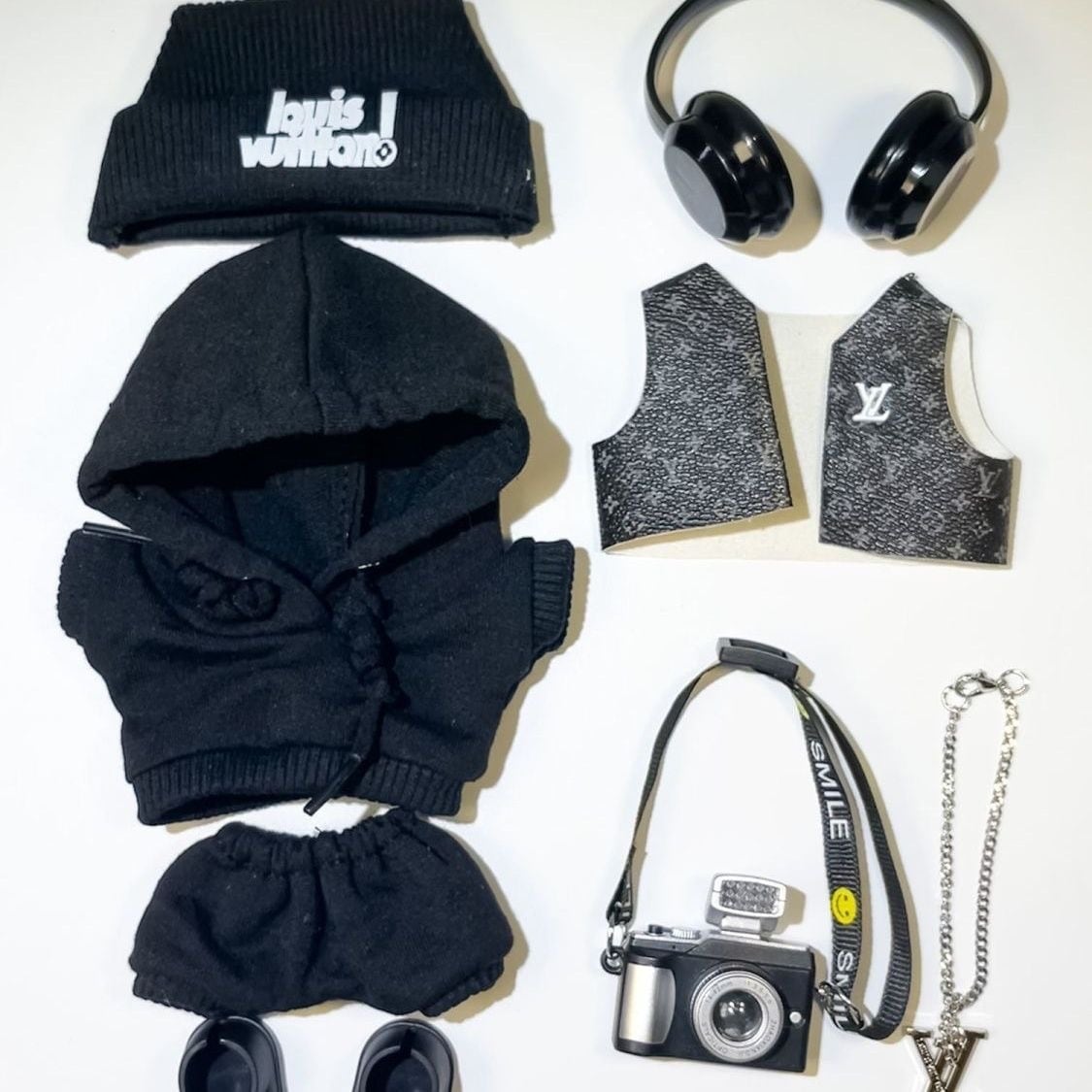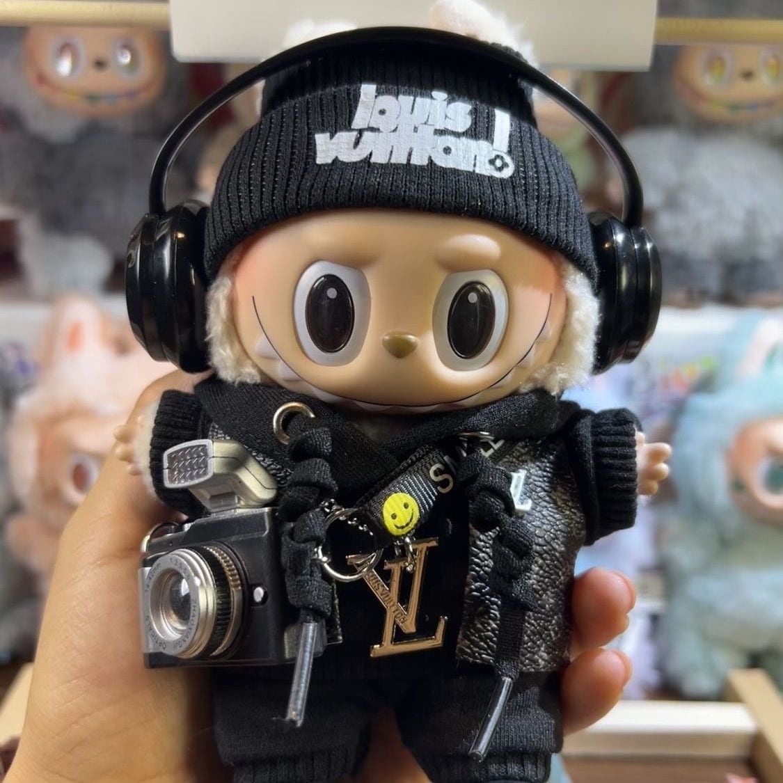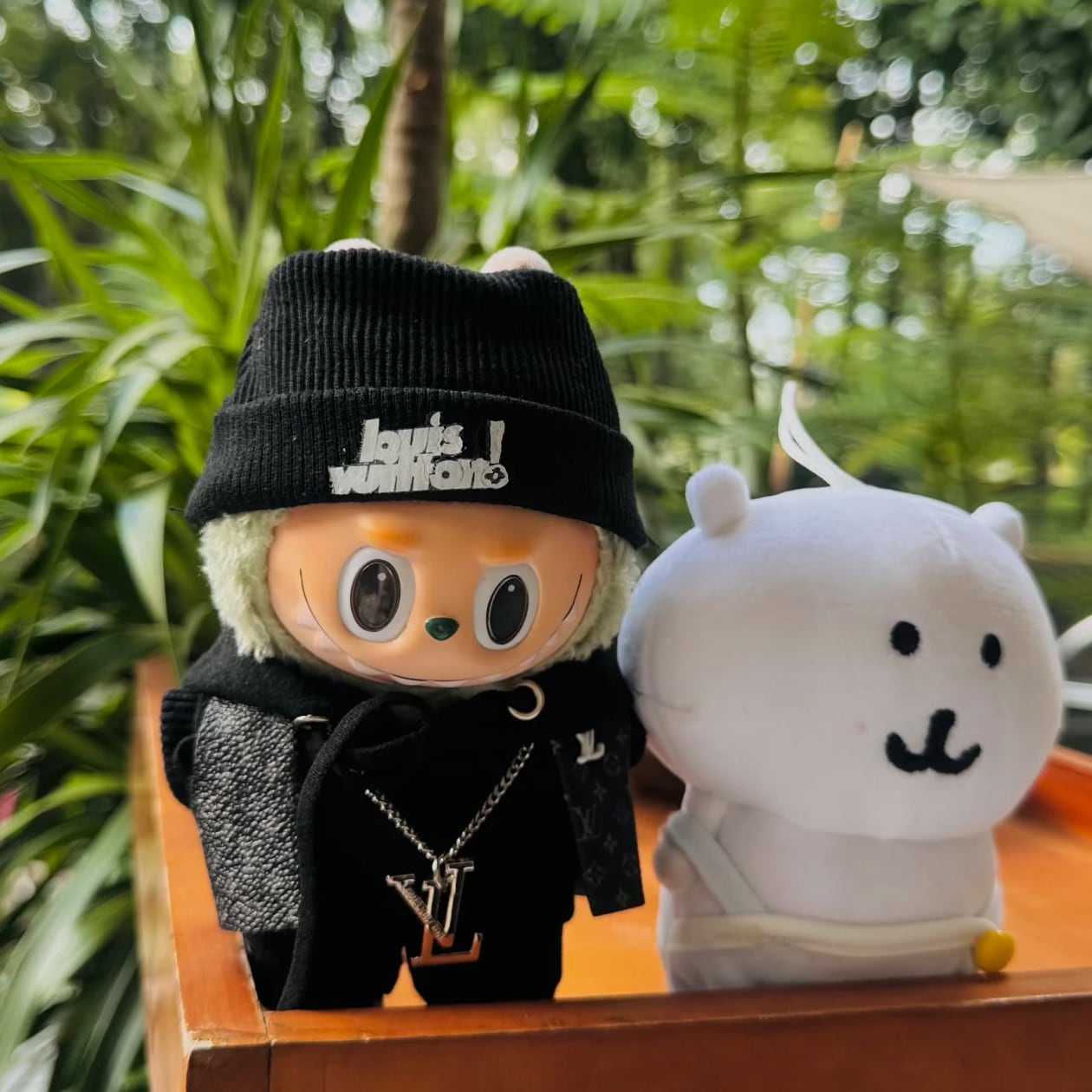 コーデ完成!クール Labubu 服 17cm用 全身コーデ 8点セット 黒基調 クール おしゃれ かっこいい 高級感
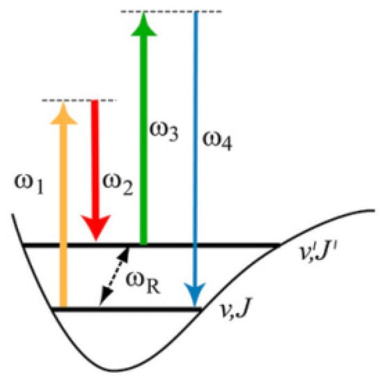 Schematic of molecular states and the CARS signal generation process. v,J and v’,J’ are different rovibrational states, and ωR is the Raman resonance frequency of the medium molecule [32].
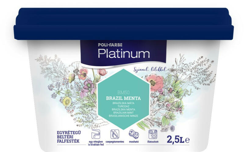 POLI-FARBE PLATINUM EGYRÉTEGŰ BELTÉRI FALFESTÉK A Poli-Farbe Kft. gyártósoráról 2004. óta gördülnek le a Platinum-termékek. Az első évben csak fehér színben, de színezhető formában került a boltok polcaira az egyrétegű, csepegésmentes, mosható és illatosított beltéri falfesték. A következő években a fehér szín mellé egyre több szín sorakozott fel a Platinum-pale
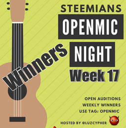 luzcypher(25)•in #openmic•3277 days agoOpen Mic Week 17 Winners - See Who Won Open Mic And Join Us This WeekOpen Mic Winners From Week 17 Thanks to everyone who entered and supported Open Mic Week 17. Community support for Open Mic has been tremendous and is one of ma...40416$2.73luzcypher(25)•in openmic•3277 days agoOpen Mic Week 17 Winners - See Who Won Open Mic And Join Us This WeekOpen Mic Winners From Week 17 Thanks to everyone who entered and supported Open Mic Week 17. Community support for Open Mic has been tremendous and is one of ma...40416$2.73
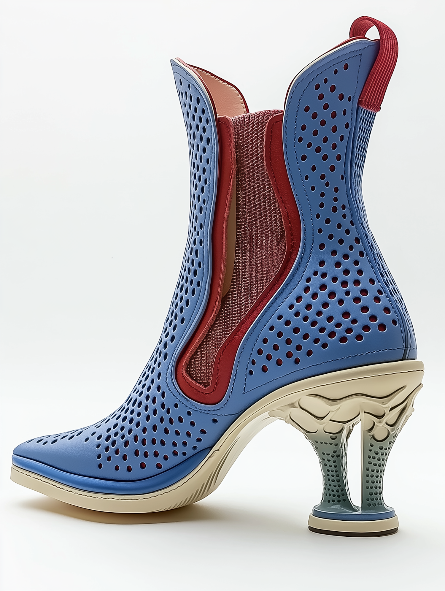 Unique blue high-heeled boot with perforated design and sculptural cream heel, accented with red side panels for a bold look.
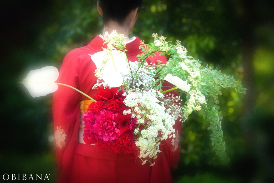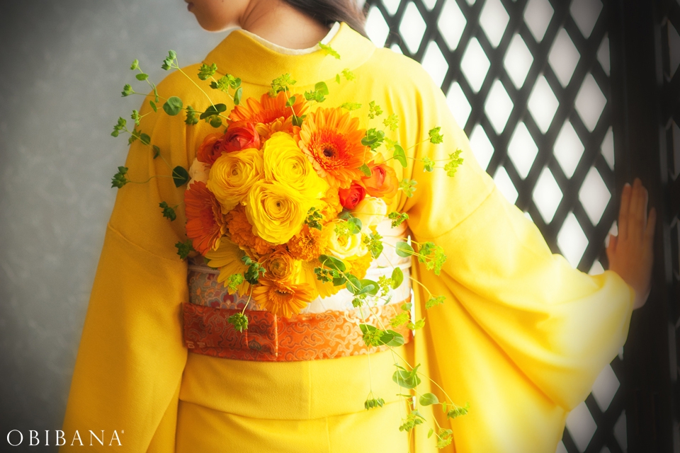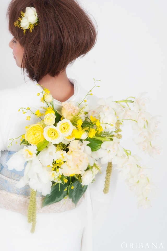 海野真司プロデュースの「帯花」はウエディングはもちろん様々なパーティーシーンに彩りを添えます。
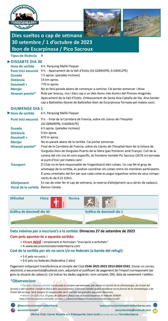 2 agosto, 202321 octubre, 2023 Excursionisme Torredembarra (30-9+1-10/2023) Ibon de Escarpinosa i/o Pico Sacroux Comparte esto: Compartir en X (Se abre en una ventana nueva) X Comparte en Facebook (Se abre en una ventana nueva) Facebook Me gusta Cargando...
• • • •
### Task requirements
When printing the entries, leave out the images and keep everything else exact.

### Exercise output
 コーデ完成!クール Labubu 服 17cm用 全身コーデ 8点セット 黒基調 クール おしゃれ かっこいい 高級感
 Schematic of molecular states and the CARS signal generation process. v,J and v’,J’ are different rovibrational states, and ωR is the Raman resonance frequency of the medium molecule [32].
 POLI-FARBE PLATINUM EGYRÉTEGŰ BELTÉRI FALFESTÉK A Poli-Farbe Kft. gyártósoráról 2004. óta gördülnek le a Platinum-termékek. Az első évben csak fehér színben, de színezhető formában került a boltok polcaira az egyrétegű, csepegésmentes, mosható és illatosított beltéri falfesték. A következő években a fehér szín mellé egyre több szín sorakozott fel a Platinum-pale
 luzcypher(25)•in #openmic•3277 days agoOpen Mic Week 17 Winners - See Who Won Open Mic And Join Us This WeekOpen Mic Winners From Week 17 Thanks to everyone who entered and supported Open Mic Week 17. Community support for Open Mic has been tremendous and is one of ma...40416$2.73luzcypher(25)•in openmic•3277 days agoOpen Mic Week 17 Winners - See Who Won Open Mic And Join Us This WeekOpen Mic Winners From Week 17 Thanks to everyone who entered and supported Open Mic Week 17. Community support for Open Mic has been tremendous and is one of ma...40416$2.73
 Unique blue high-heeled boot with perforated design and sculptural cream heel, accented with red side panels for a bold look.
 海野真司プロデュースの「帯花」はウエディングはもちろん様々なパーティーシーンに彩りを添えます。
 2 agosto, 202321 octubre, 2023 Excursionisme Torredembarra (30-9+1-10/2023) Ibon de Escarpinosa i/o Pico Sacroux Comparte esto: Compartir en X (Se abre en una ventana nueva) X Comparte en Facebook (Se abre en una ventana nueva) Facebook Me gusta Cargando...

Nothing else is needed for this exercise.